Once you get to multi-machine stateful applications, there are a lot of different trade-offs you have to handle, I’m not sure there is any one stateful DB that is multi-machine out of the box that will work for basically every workload the way Postgres does. I.e. PG is basically useful for any DB workload out of the box, provided it can fit on a single physical machine. I’d love examples of general purpose DB’s like PG that are multi-node out of the box with basically no downsides.
But basically my advice is, once you have a stateful thing you have to go multi-node with, you either need a good, well paid consultant, or good in-house technical staff, as it’s not an easy problem that is very well solved for all use cases. Or to put it another way, avoid multi-node stateful things until absolutely forced to do so, and then go there with eyes wide open, with lots of technical knowledge at hand. Luckily if you do get to that requirement, you probably have lots of $$$ resources to shove at the problem, which helps immensely.

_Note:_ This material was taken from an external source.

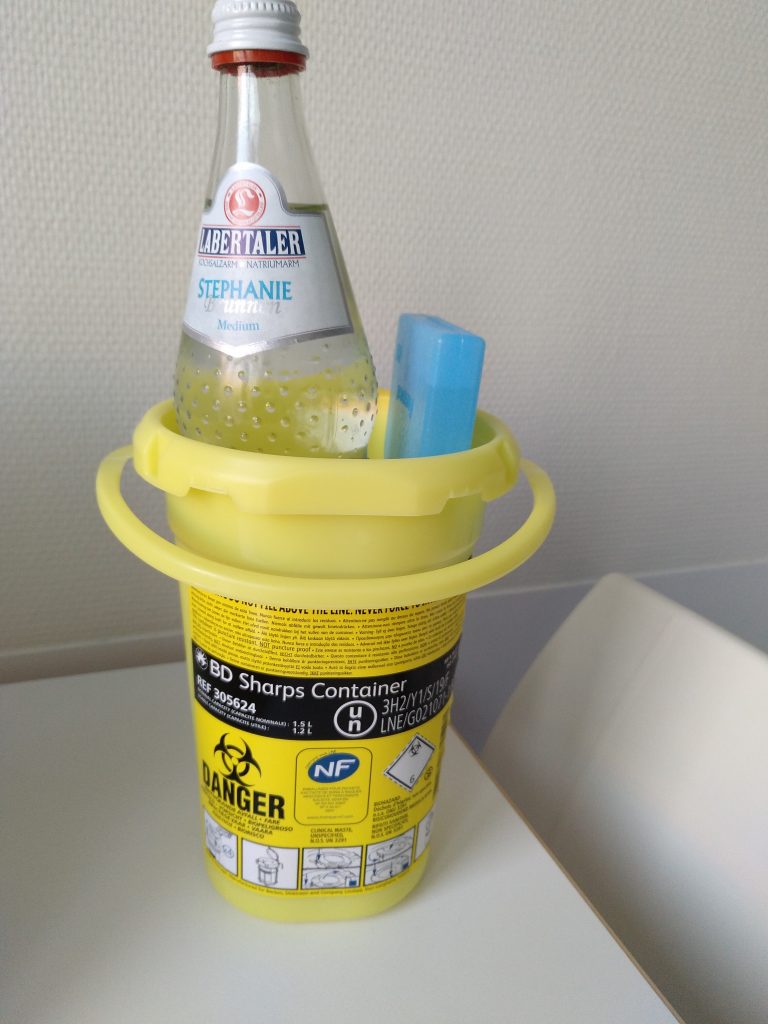Da ich aufgrund der Isolation nicht unbedingt das Zimmer verlassen soll, hab ich auch gleich noch etwas kaltes Wasser geordert. Eine Flasche sogar in einem etwas unkonventionellen aber zweckmäßigen Kühlbehälter. (siehe Foto)

Well-said again. Yeah, I don’t know if any of those advanced DB’s cover every kind of workload with what drawbacks. I’d want to see experimental comparisons on realistic data.
You sound like you know a lot about this topic. Hypothetically, if its even possible, what would you do if the load balancer that you put in front of your workers cant handle the incoming load.

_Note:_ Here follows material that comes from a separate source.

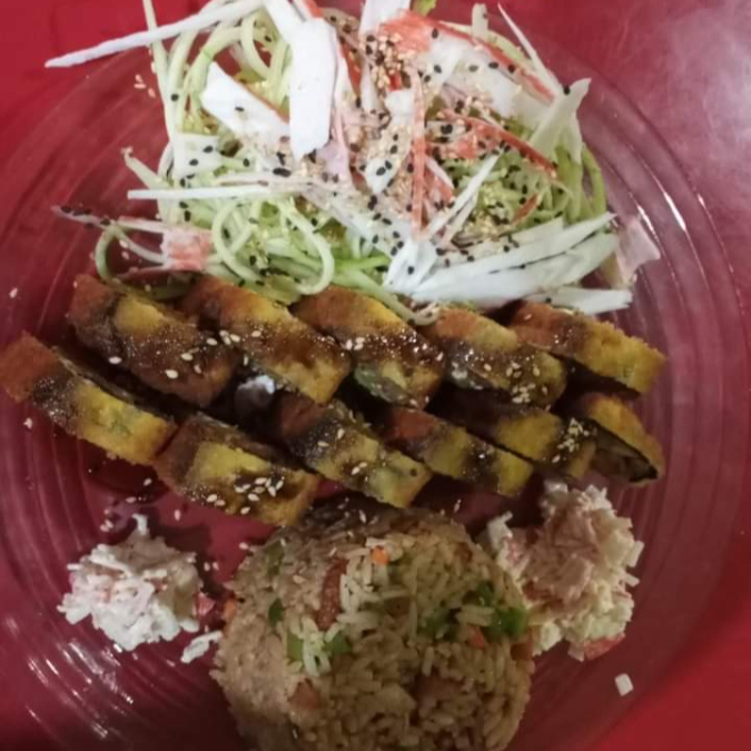 1 Bonsai Roll, 1/2 arroz frito y 1/2 sunomono de cangrejo

How do you load balance the load balancer ?
It’s definitely possible. You have some options, depending on the kind and amounts of traffic we are talking about.
It depends some on if the Load Balancer(LB) is hardware or software based, etc. Most people are doing software based ones these days.
Roughly in order of preference, but it’s a debatable order:
Ensure you are using a high throughput LB (haproxy comes to mind as a good software based one).
Simplify the load balancer configs to the bare minimum, i.e. get them doing the least amount of work possible. The less work you have to do, the more you can do given X resources.
Find the bottleneck(s), for most LB workloads the problem is a network I/O problem, not a CPU or memory or disk problem. So ensure your hardware is built for peak I/O (make sure your hardware NICs are configured for IP offloading your kernel is tuned, for I/O, etc).
Scale out the LB, with multiple instances. This gets.. interesting, as suddenly you need your traffic to hit more than 1 machine, you can do that a variety of different ways, depending on the actual traffic we are talking about. The easiest is probably just lazy DNS RR (i.e. have your name return multiple A/AAAA records for the host you are load balancing and each IP is a LB).
Rinse and repeat the above, until you have room to breathe again.
There are more complicated ways to do this, depending on traffic load. Once you get to needing to scale past simple DNS RR, you probably want a network expert, as it depends on the kinds of traffic (is it all inbound, or is it mostly outbound traffic, etc). I.e. there are some neat things you can do where the LB’s are only handling the inbound traffic and all outbound/return traffic can come directly from the machine(s) doing the work, and not have to go back through the LB, etc. This requires special configuration(s) and is not overly simple to do.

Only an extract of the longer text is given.